オスカー主演男優賞に輝いたジャン・デュジャルダンは文句なしに素晴らしい!彼はコメディ出身らしいが、ダンスも上手いのだ。ペピーとのダンス・シーンはフレッド・アステア&ジンジャー・ロジャース、コンビを彷彿させトレヴィアン!だった。
ラスト、ジョージが発する言葉はたった一言“With Pleasure”だけ。ジャン・デュジャルダンの台詞が聞けるフランス映画が観たいな。

いつもどおり全く前知識なしで映画を観たので、ジェームズ・クロムウェルとジョン・グッドマン、そしてペネロープ・アン・ミラーの出演に驚くと共に大満足。ジョージの執事兼“Chauffeur/お抱え運転手”クリフトン役のジェームズ・クロムウェルはこの作品になくてはならない存在。プロデューサー、アル・ジマーを演じたジョン・グッドマンも同様。
ペネロープ・アン・ミラーがお年で驚いたが、彼女の映画はアレック・ボールドウインの「シャドー/1994」以来なので…年月は物語るわけだ。

ワーナー・マイカル・シネマズ板橋にて
by margot2005 | 2012-04-21 22:26 | フランス | Comments(4)
Commented by リバー at 2012-04-22 17:46 x
TB ありがとうございます。

白黒サイレントということで避けずに
多くの人に見てもらいたい作品ですね!
Commented by margot2005 at 2012-04-22 22:01
リバーさん、こちらこそTBありがとうございます。
素敵な映画でした。
都内は至る所で上映している様子ですが、観客はどうなのでしょうか?
Commented by cochi1228 at 2012-04-26 07:09
台詞があったら、もっともっとイメージが膨らんだでしょうね。
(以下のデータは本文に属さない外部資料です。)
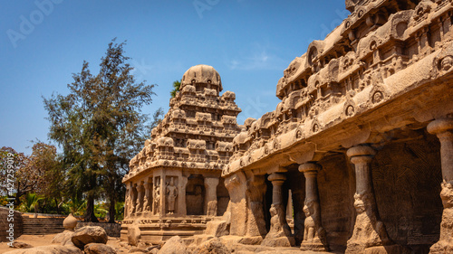 Exclusive Monolithic - Five Rathas are UNESCO's World Heritage Site located at Great South Indian architecture, Tamil Nadu, Mamallapuram, or Mahabalipuram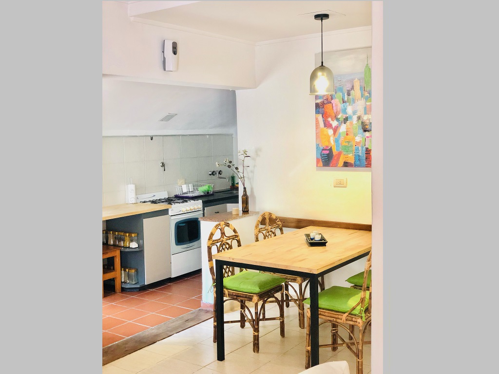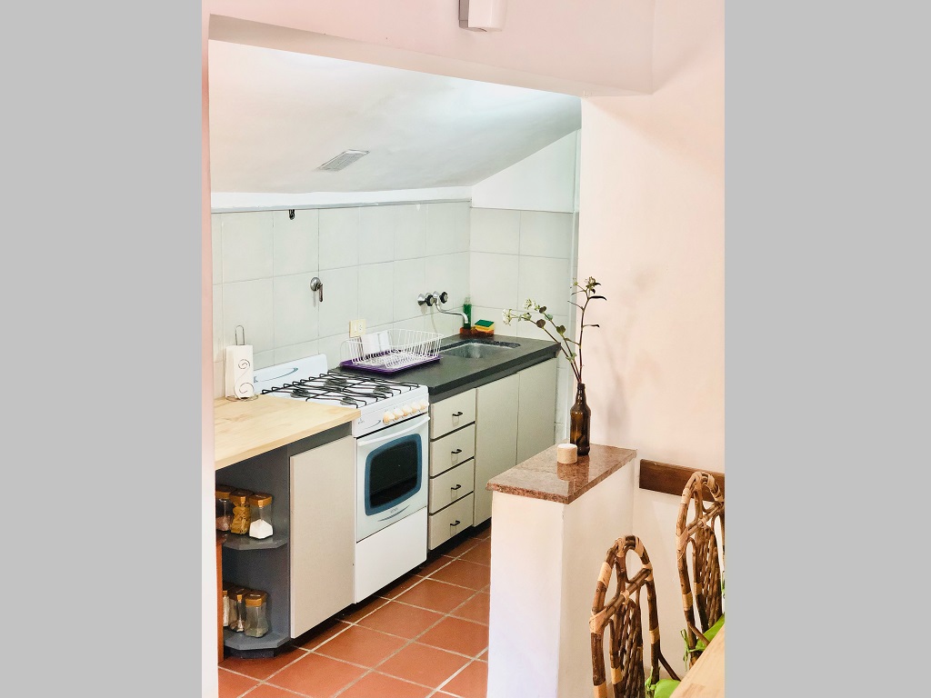 La propiedad también dispone de espacio techado para auto, parrilla y un jardín. Las dos habitaciones incluyen una con cama matrimonial somier y otra con dos camas individuales. Como servicios adicionales, ofrece WIFI, TV LED , alarma, cámaras de seguridad y portón eléctrico.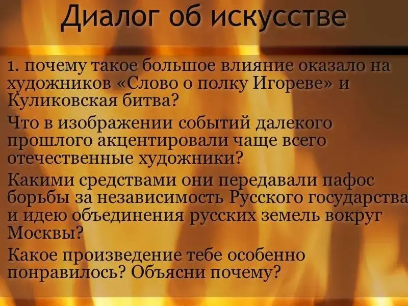 - Почему такое большое влияние оказало на художников "Слово о полку Игореве" и Куликовская битва?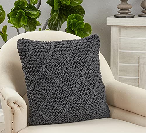 - SLATE KNITTED DIAMOND THROW PILLOW – Add a tasteful touch of texture, warm flair with the Knitted Diamond Throw Pillow from Fennco Styles. It showcased a soft grey color, with knitted details with a diamond pattern for enhanced appeal. Its chunky knit design brings extra texture and addition to your winter decor, let it stand alone as the perfect accent piece to your sofa or recliner year-round, or pair with a small red pillow for a festive Christmas-themed look. Solid on the back.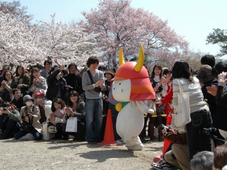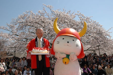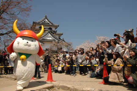 満開の桜と「ひこにゃん」です。新お世話係は、たくさんのお客さまにお集まりいただいたこの光景にすごく感激いたしました。

でも、サイレントだからこそ、二人の潤んだ豊かな表情が映しだされたのかもです。サイレントだからこそ、シンプルなラブストーリー描くことができたのかもです。素敵な《アート》でした。
Commented by margot2005 at 2012-04-27 23:22
cochi1228さんこんばんは。
台詞があったらこの映画はどうなっていたでしょう?なぜか?想像出来ないですね。
サイレントだからこそ二人の豊かな表情に釘付けとなりました。本当に上手い俳優だと思います。
タイトルが“アーティスト”ですから...。